Howard Gillette (Rutgers Univ. at Camden) has been appointed professor of history at the Rutgers Univ., Camden campus. He was also elected president of the Society for American Urban and Regional Planning History for a two-year term starting December 1999.

Susan Glenn (Univ. of Washington) was awarded the 1999 Constance Rourke Prize by the American Studies Association for her article “‘Give an Imitation of Me’: Vaudeville Mimics and the Play of the Self,” American Quarterly (March 1998).

Harvey J. Graff (Univ. of Texas at San Antonio) became president of the Social Science History Association for 1999–2000 at the association’s annual meeting in November in Fort Worth, Texas. His term includes the Social Science History Association’s 25th anniversary year as well as the millennium meeting.

Jacquelyn Dowd Hall (Univ. of North Carolina at Chapel Hill) has received a 1999 National Humanities Medal as a leading scholar on the New South and the founder and director of the Southern Oral History Project at the University of North Carolina at Chapel Hill.

Kristin Hoganson (Harvard Univ.) was awarded a Winterthur 1999–2000research fellowship to pursue her topic, “The New Woman and the Cosmopolitan Ethos, 1865–1920.”

S. Jay Kleinberg (Brunel Univ. in England) has published Women in the United States, 1830–1945 (Rutgers Univ. Press, 1999), examining the history of women in industrializing America, probing issues of race, ethnicity, and religion and the role women played in political and cultural spheres.

Molly McClain (Univ. of San Diego) was awarded a Winterthur 1999–2000 reseach fellowship for her topic, “Beauty and Faith in Early American Life.”

Anne Millbrooke (Northwest Campus UAF, Nome, Alaska) completed a 10-week NASA-ASEE Fellowship at the Langley Research Center in Hampton, Virginia, during the summer of 1999. Her college textbook, Aviation History, appeared in print this fall (Englewood, Colo.: Jeppesen Sanderson, 1999).

Lewis Perry and Elisabeth I. Perry (St. Louis Univ.) have moved to Saint Louis University, where they are co-holders of the John Francis Bannon Chair in History and American Studies.

Stanislao G. Pugliese (Hofstra Univ.) has published Carlo Rosselli: Socialist Heretic and Antifascist Exile (Harvard Univ.
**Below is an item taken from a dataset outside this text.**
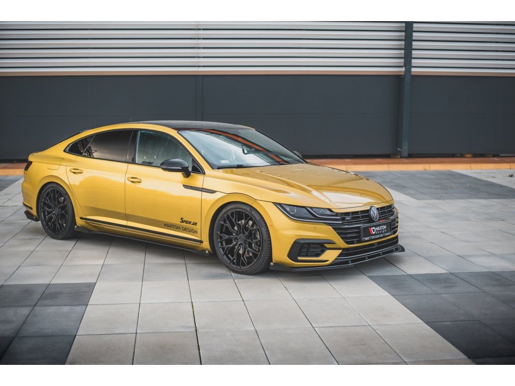 Maxton Design rohové spoilery pod přední nárazník pro vozidlo Volkswagen Arteon R-Line 2017-2020 . Povrchová úprava spoileru černý lesklý plast ABS.

Press, 1999).

Robert Shaffer (Shippensburg Univ.) has been awarded the biannual Charles De Benedetti Prize of the Peace History Society for his article, “Cracks in the Consensus: Defending the Rights of Japanese Americans during World War II,” which appeared in Radical History Review 72 (fall 1998).
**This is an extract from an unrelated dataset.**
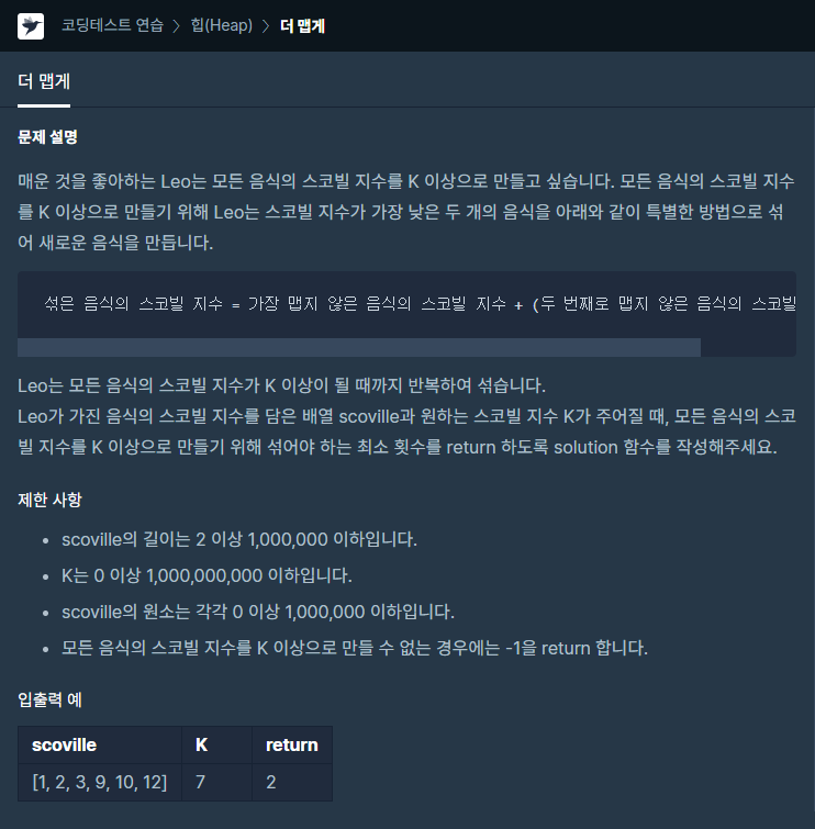 [알고리즘] 프로그래머스 더 맵게 -힙(heap)- 본문

Glenn Wallach (Center for Arts and Culture) was awarded the Stone-Suderman Prize for best article in the 1998 issues of American Studies for his essay, “‘A Depraved Taste for Publicity’: The Press and Private Life in the Gilded Age.” which appeared in the Spring 1998, issue of American Studies. The Mid-America American Studies Association sponsors the journal and the prize.
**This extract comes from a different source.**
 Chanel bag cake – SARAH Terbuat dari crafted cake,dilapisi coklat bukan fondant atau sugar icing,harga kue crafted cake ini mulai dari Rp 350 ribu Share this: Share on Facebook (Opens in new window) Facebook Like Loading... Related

The Chemical Heritage Foundation (CHF) has awarded 1999–2000 fellowships and a scholarship to the following AHA members:

Gerard J. Fitzgerald (PhD cand., Carnegie Mellon Univ.) received the Glenn E. and Barbara Hodson Ullyot Scholarship. His dissertation is a scientific and technological history of America’s biological weapons programs during the 20th century. In residence at CHF for two months, he plans to study the technical aspects of penicillin production that may have influenced biological weapons production.

Gwen W. Kay (DePaul Univ.) was selected as the first Société de Chimie Industrielle (American Section) Fellow to conduct historical research on the development of cosmetic chemists, particularly women’s pioneering role in this industry.

David B. Sicilia (Univ. of Maryland at College Park) was awarded the 1999–2000 Gordon Cain Fellowship in Technology, Policy, and Entrepreneurship. As a Cain Fellow he will investigate the impact of economic policy on, and the changing public perception of, the chemical industry in post–World War II America.